August 3, 2004

Beauty In The Breakdown

Cinecultist kinda loves it when certain movies turn us into an obsessive fan girl. It's all about the tingling love of cinema buzzing through our veins. The newest installment to the list of films that have this power over us Zach Braff's Garden State which we saw over the weekend. More The Graduate than The Pallbearer, Garden State details four days wherein the morose Andrew Largeman (Braff) returns from his beige life in L.A. to his hometown in New Jersey to bury his mother. He meets a girl (Nathalie Portman), he goes off the meds, he finds himself AND he's introduced to the music of the Shins. It's a bildungsroman for the emo set, and though we found it sorta twee in the end, Cinecultist has to admit we sorta love twee. We do live in the Eee Vee afterall, ground zero for twee.*

Perhaps what Cinecultist found ourselves responding most strongly to in this movie, is the feeling Braff captures of walking through life with your earphones on. There are moments where the emotionally stunted Large fades away from an experience, disengages himself frozen in his spot as the other players rush around him and the soundtrack swells over the ambient noise. Partially a by product of a MTV-raised moviemaker where the song takes higher precedence over dialogue, but also partially a (seemingly conscious) expression of Large's modern malaise; this is a very effective technique Braff uses throughout the movie. And what a soundtrack this movie has as the dialogue fades away! Not just two tracks by the Albuquerque band the Shins, who Portman's character Sam introduces by telling Large "they'll change your life," but some Simon & Garfunkel, Coldplay, Nick Drake, Remy 7, Thievery Corporation and a cover of the Postal Service's "Such Great Heights" by Iron and Wine.

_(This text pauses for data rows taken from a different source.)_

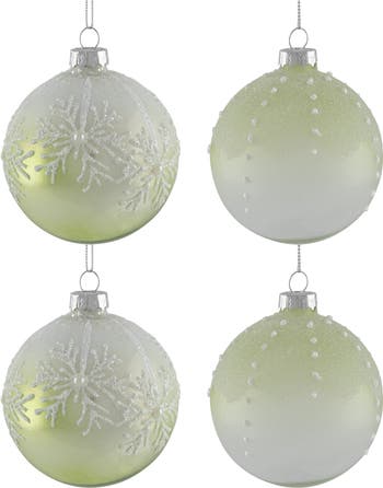 Add a touch of winter wonder to your Christmas tree with our glass ball ornaments. In elegant shades of green and white, these ornaments bring a classic charm to your holiday decor. One features delicate white snowflakes glistening with glitter, while the other dazzles with rows of sparkling white polka dots. Elevate your holiday atmosphere with these enchanting decorations, perfect for a merry and bright season. Product Features: 4-piece set Color: green and white Balls are equipped with silver ornament caps Come ready-to-hang on silver cords Dimensions: 3" (80mm) Material(s): glass/metal Note:Set includes 2 of each item shown; total of 4 ornaments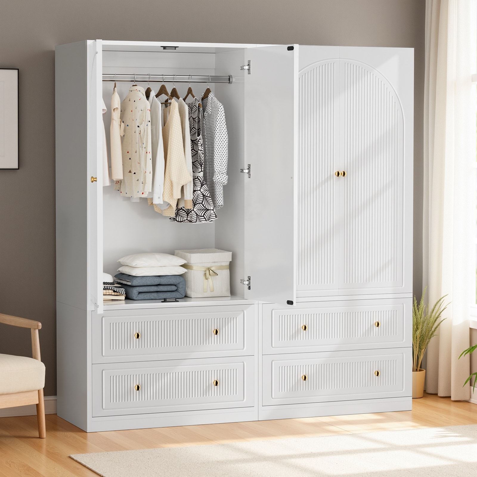 Gyomojoy Large White Wardrobe Closet with Drawers & Doors, Modular Armoire with Hanging Rods, Apartment & Dorm Storage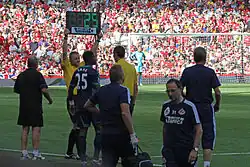 In the 2007–08 season, Saha returned from injury and came as a substitute against Sunderland, scoring the winning goal.[103] On 23 September 2007, Saha won and converted a penalty against Chelsea in Chelsea's first game with Avram Grant in charge. United won the game 2–0.[104] This earned Saha a recall to the France national team after a year out. Against Arsenal, Saha came on to replace the under-performing Carlos Tevez in a 2–2 draw. He was key in setting up a goal as Cristiano Ronaldo gave United a 2–1 lead.[105] Saha continued to make appearances off the bench, but when Wayne Rooney was ruled out for a few weeks he partnered Tevez up front.[106] He then started in a match against Sunderland on Boxing Day, and scored twice including a penalty, winning 2–0 to lift Manchester United to 1st position in the Premier League.[107] After being sidelined with a knee injury that kept him out for a month, Saha made his return in an FA Cup clash versus Arsenal on 16 February 2008, winning 4–0.[108] The following weekend, he came on as a substitute for Ronaldo, scoring the final goal in a 5–1 rout of Newcastle United.[109] After returning to nearly full fitness, Saha's injury haunts returned and forced him off with a hamstring complaint during United's win over Bolton Wanderers at Old Trafford.[110] Saha was ruled out for several weeks, missing key games.[111] In the final game of the Premier League season against Wigan Athletic, Saha was named as a substitute, but played no part in the game.[112] In May 2008, Saha admitted that he believed his United career was in doubt. Despite his desire to stay and love for the club, he was unsure of what the future held for him at Old Trafford.[113]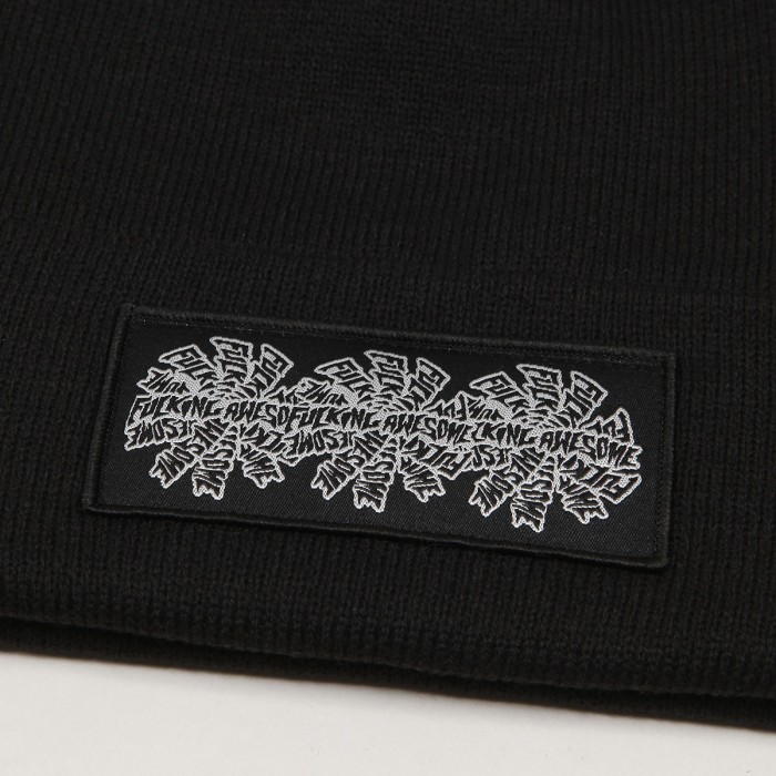 Kulich Fucking Awesome s názvem Three Spiral Edge Stitch Beanie v černé barvě. Klasický delší střih s přehnutým lemem. Na lemu nášivka s trojitým spirálovým logem Fucking Awesome. Vyrobeno ze 100% akrylu.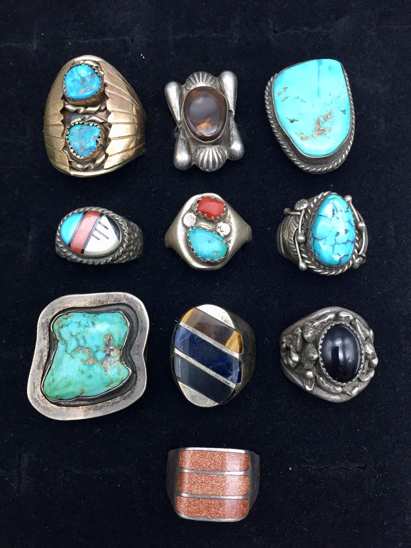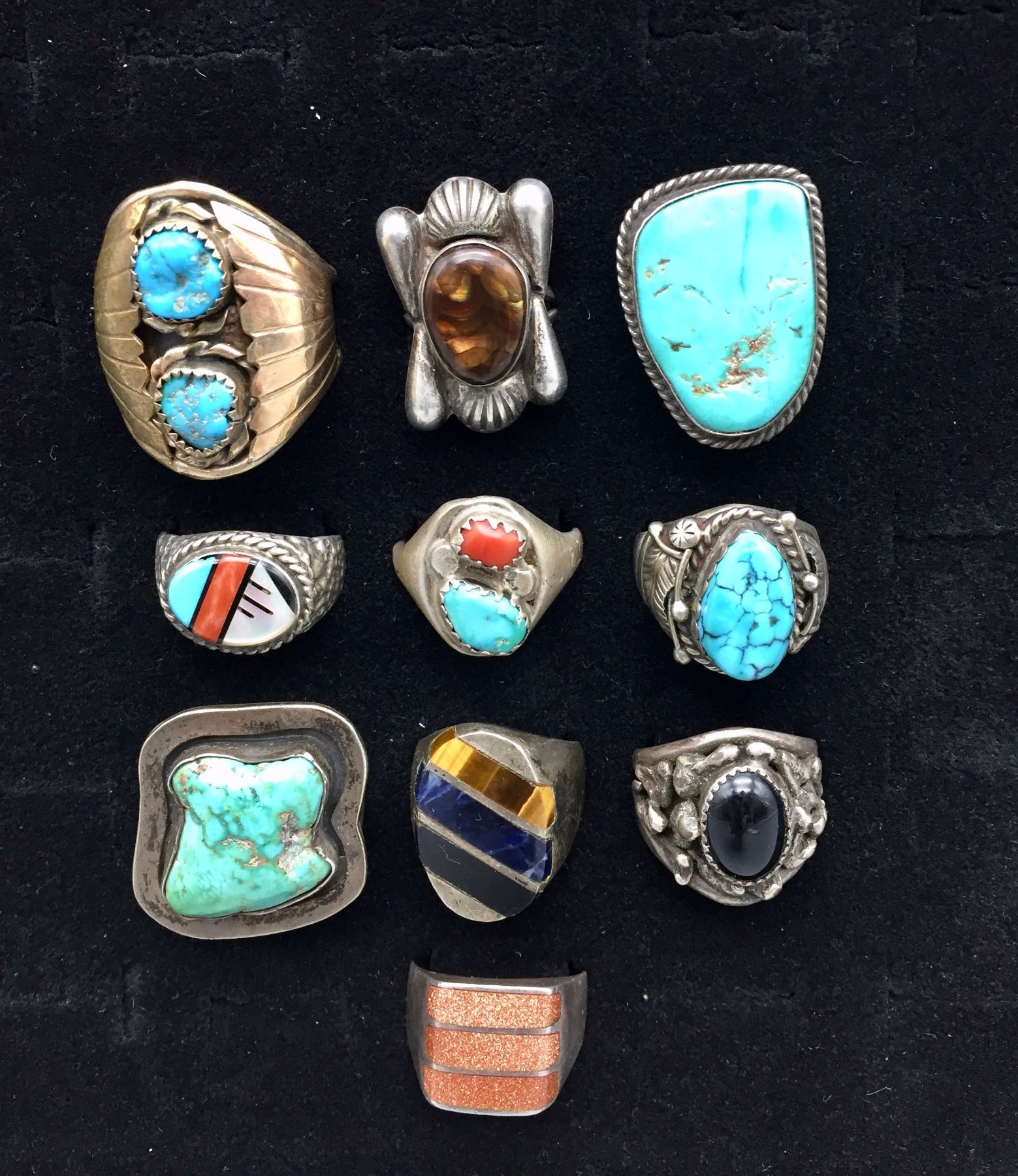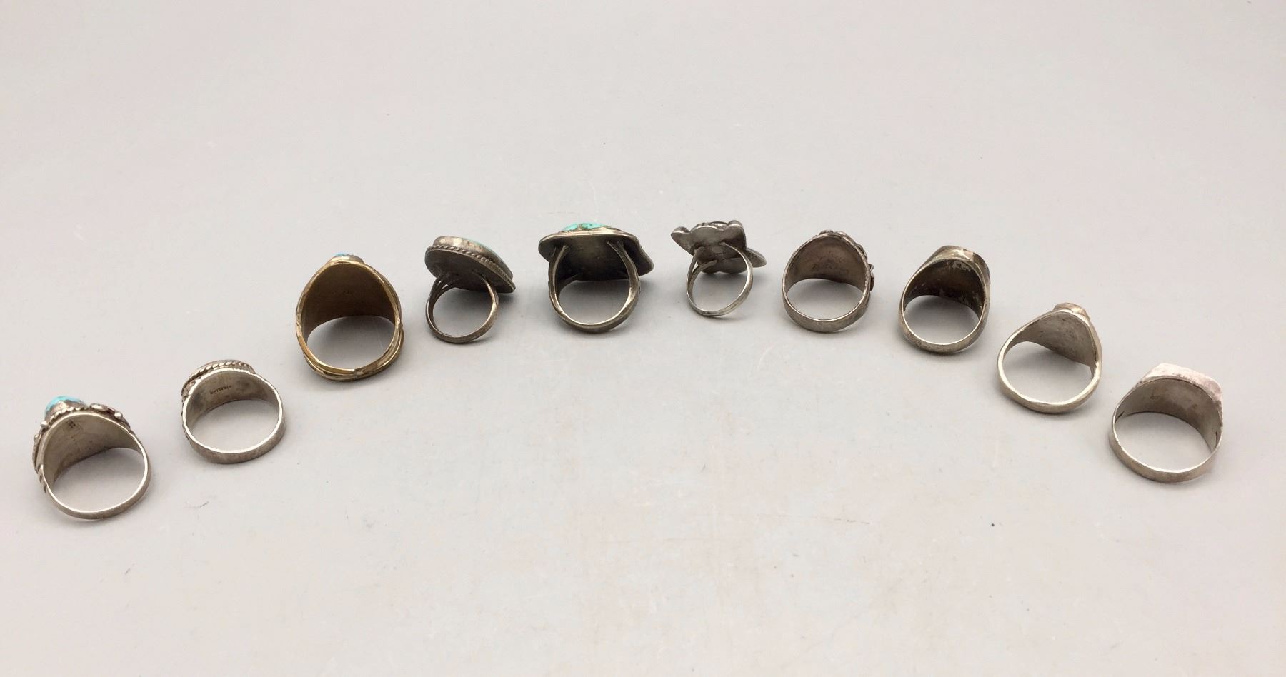 Description: Group of 10 vintage rings in various styles and sizes. All are sterling. Maker: Varies, mostly Navajo style. Approx. Age: Varies, mostly vintage. Size: Varies. Condition: Good for its age, normal wear expected. Please look closely at the pictures - they are an important part of our description. Shipping: There will be a $5 handling / packaging fee for shipping this lot. The actual cost of postage will be added on top of that.
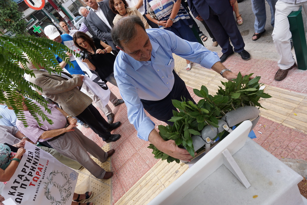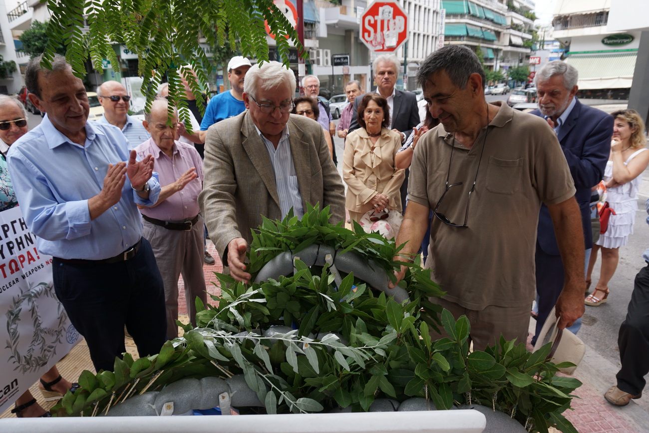 Στη συνέχεια της ομιλίας του ο Δήμαρχος Βύρωνα, αναφέρθηκε στο παγκόσμιο κίνημα ενάντια στα πυρηνικά όπλα, που δραστηριοποιείται εδώ και 70 χρόνια περίπου, αναφέροντας ότι: «Ο ψυχρός πόλεμος που αποτέλεσε την “επώαση” των όπλων μαζικής καταστροφής μπορεί να τελείωσε, όχι μόνος και ο κίνδυνος του πυρηνικού ολέθρου. Μια μικρή χαραμάδα ελπίδας είναι ότι συμπληρώνεται ακριβώς ένας χρόνος από την απαγόρευση των πυρηνικών όπλων από 120 χώρες στο πλαίσιο του ΟΗΕ, καθώς και η υπογραφή συμφωνίας για την αποπυρηνικοποίηση της Κορεατικής Χερσονήσου. Ελπίζουμε σε αντίστοιχες ενέργειες και για την πολύπαθη Μέση Ανατολή! Ο αγώνας για την απαγόρευση και κατάργησή τους συνεχίζεται! Ο ανθρωποκεντρικός και απελευθερωτικός αγώνας του Νίκου Νικηφορίδη μας εμπνέει και μας οδηγεί! Αθάνατος!»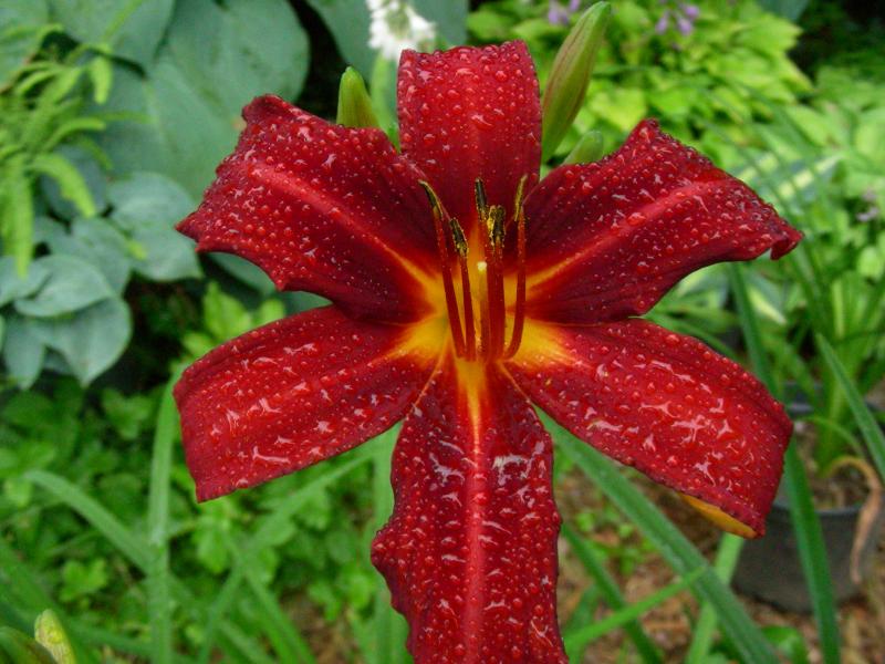 Ich habe vor 2?3? Jahren mal bestäubt, ich meine, die Mutter war Marietta Dreamer (hatte sie neu und war so bezaubert) - der Vater könnte, v.a. bei meiner eingeschränkten Auswahl damals Mateus sein.Nun gabs die erste Blüte - und die besser geöffnet und nach Regen besser in der Substanz als namhafte Sorten, die daneben stehen (Highland Lord, Hermitage Galen, Council of Elders und Berlin Red Velvet sowieso), und hat ein anderes Rot, in der Nuance mehr an Grape Velvet erinnernd.Mir gefällt er so erstmal gut, dieses Rot hätte ich ohne ihn nicht, duften tut er leider nicht: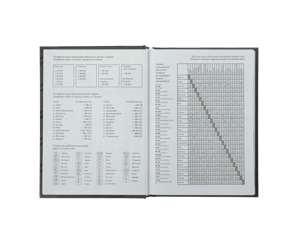 - таблица расстояний между областными центрами Украины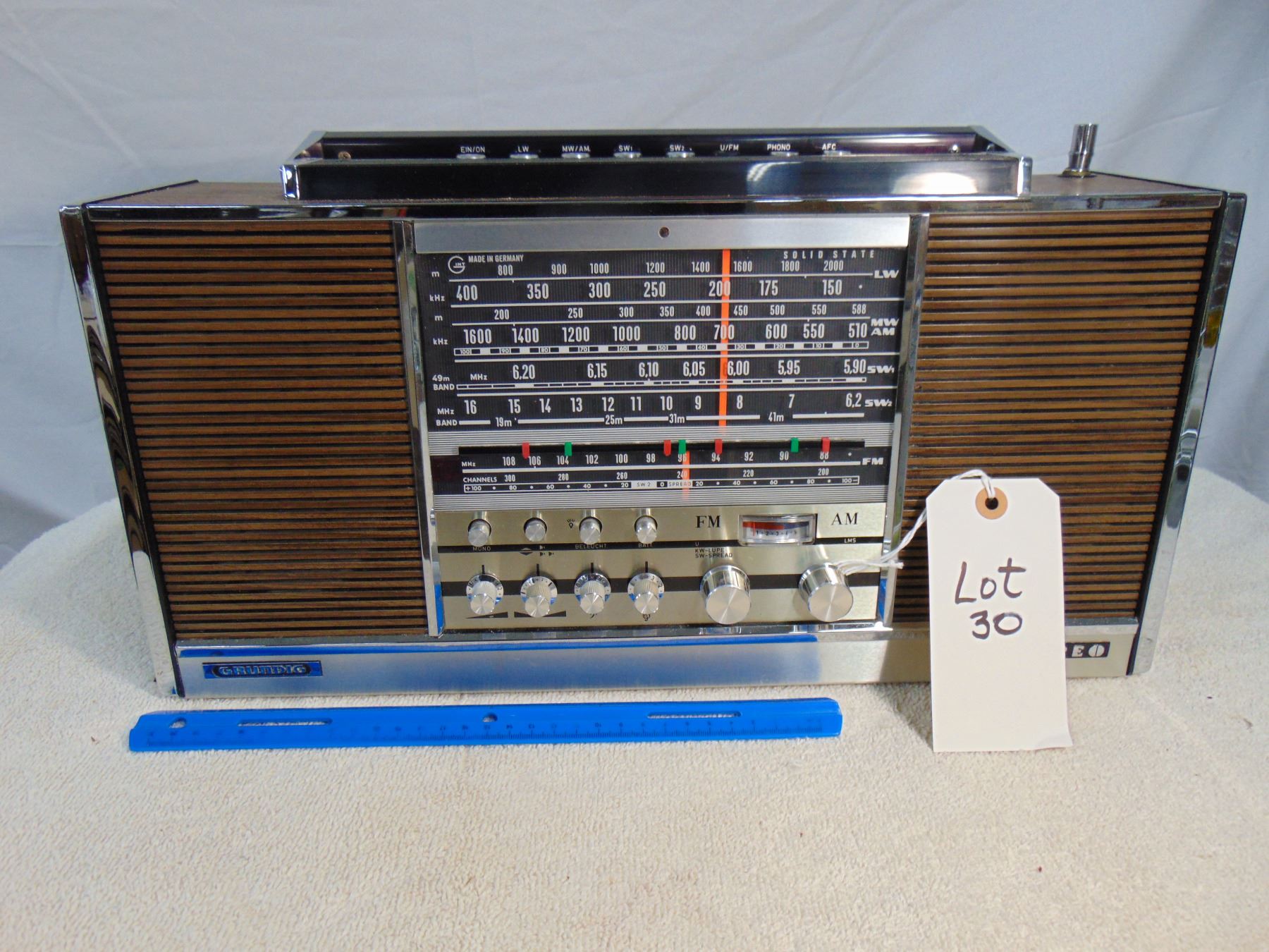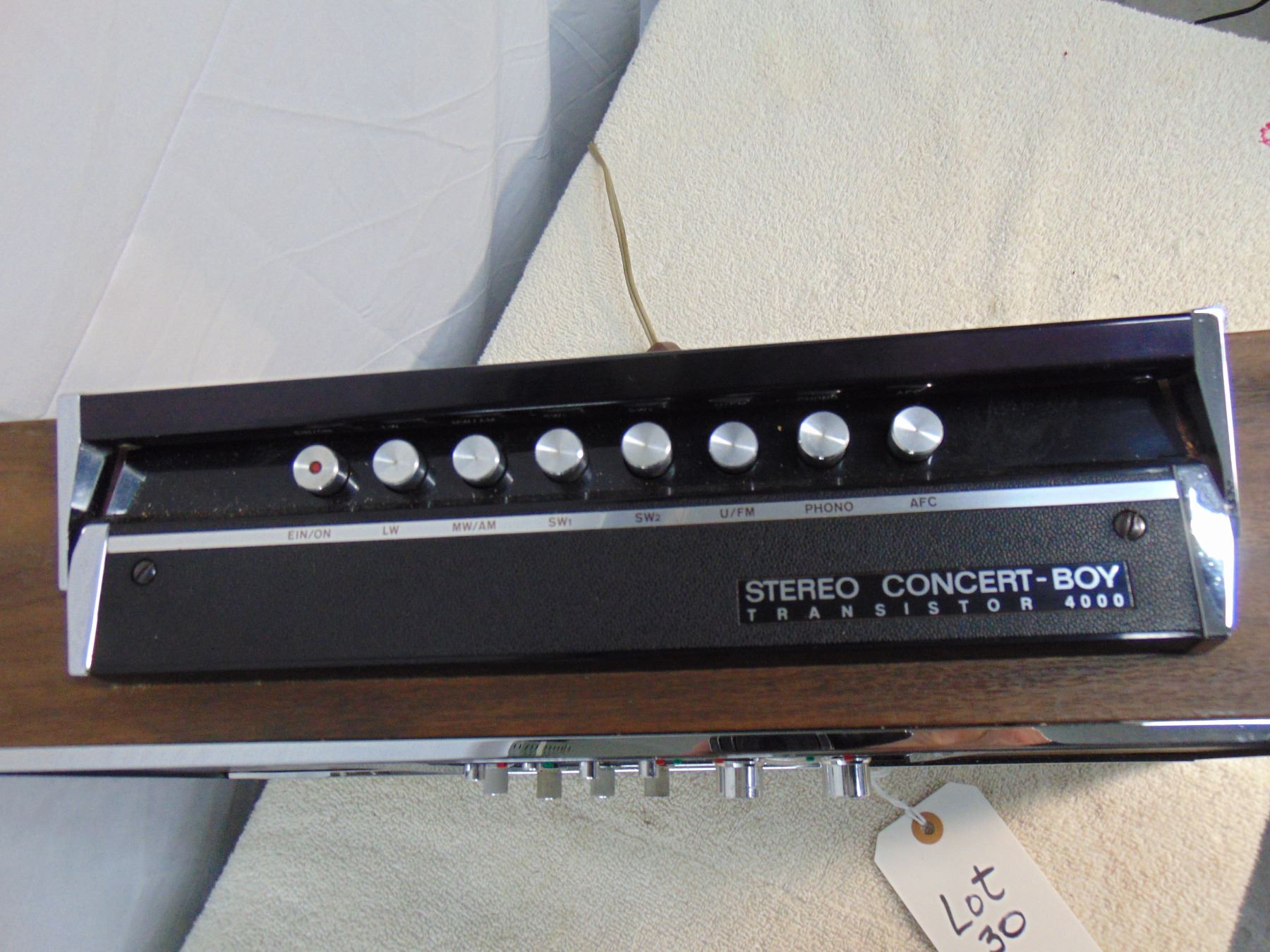 Grundig multi-band AM/FM stereo model Concert Boy Transistor 4000; works fine on FM. AM and SW dial slips so tuning not possible, however stations could be heard in background.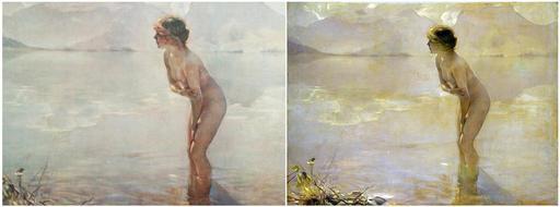 Keywords: Two September Morns.jpg en Comparison of a 1961 reproduction of September Morn with an auto-adjusted version of the MET's digitization For a FPC discussion 1912 Left image http //hoaxes org/archive/permalink/the_september_morn_hoax The Museum of Hoaxes appears to be scanned from a 1961 book Right image File Paul Chabas September Morn The Metropolitan Museum of Art jpg Creator Paul Émile Chabas other versions Custom license marker 2014 09 24 PD-old-auto-1923 1937 Uploaded with UploadWizard Paintings uploaded by Chris Woodrich September Morn |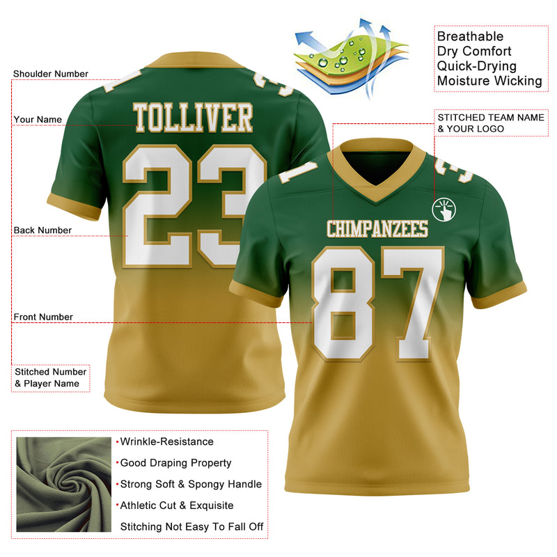 Custom Green White-Old Gold Authentic Fade Fashion Football Jersey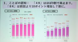「4K」という言葉を9割近くの人が知っている( “気がする” を含む)と回答しており、2017年7月以降高止まりしているとのこと。また、「8K」という言葉の認知率も今回調査で7割を超え、「世の中に徐々に浸透してきている状況が伺える」とした。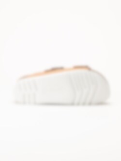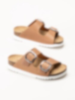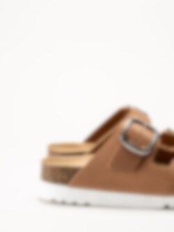 Yttersulan i syntet ger bra grepp och stabilitet. En bekväm och stilren sandal som passar perfekt för både vardag och längre dagar på fötterna.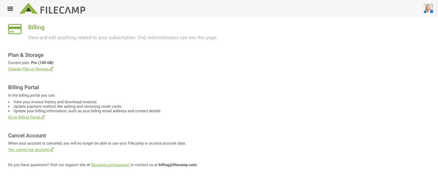 Log in to your Filecamp, click on the Main menu and navigate to Admin > Billing.

But getting back to the whole twee thing, the Postal Service cover is prime example of this movie's tendency to take romanticism just that little bit too far. Ben Gibbard, the emo king and our not-so-secret secret boyfriend, tempers his twee lyrics written for side project the Postal Service with the harder edge techno beats provided by Dntel. However Iron and Wine do the song purely as a folk tune, acoustic style. It's all too much sweetness, once we got beyond the thrill of hearing Gibbard lyrics coming from the big screen, as we watch Large and Sam spoon post-coital. The same can be said for the film's ending, which we'll refrain from detailing, except to say that it's much too tidy for our taste. As a self-avowed devote of Harold and Maude, Braff should have known better in this case. Let's hope for a more ambiguous sophomore effort with all of the wit and heart displayed in this picture.

For your listening pleasure we bring you the eponymous track from Garden State's trailer, Frou Frou's "Let Go." Listen to it loud and do some sort of dance movement that's entirely original, never before done in the history of humanity, just like the too quirky but adorable Portman. The soundtrack comes out August 10 and the film opens wide this coming weekend.

*Courtesy of a Convo yesterday with Jen we bring you a definition of "twee" from the Merriam-Webster Dictionary:
twee
Pronunciation: 'twE
Function: adjective
Etymology: baby-talk alteration of sweet
chiefly British : affectedly or excessively dainty, delicate, cute, or quaint

And there you have it. Definitions of obscure British words and movie reviews, Cinecultist is a full service weblog. P.S. to Jen, we'd so go and see this movie again with you. Let's go, right now.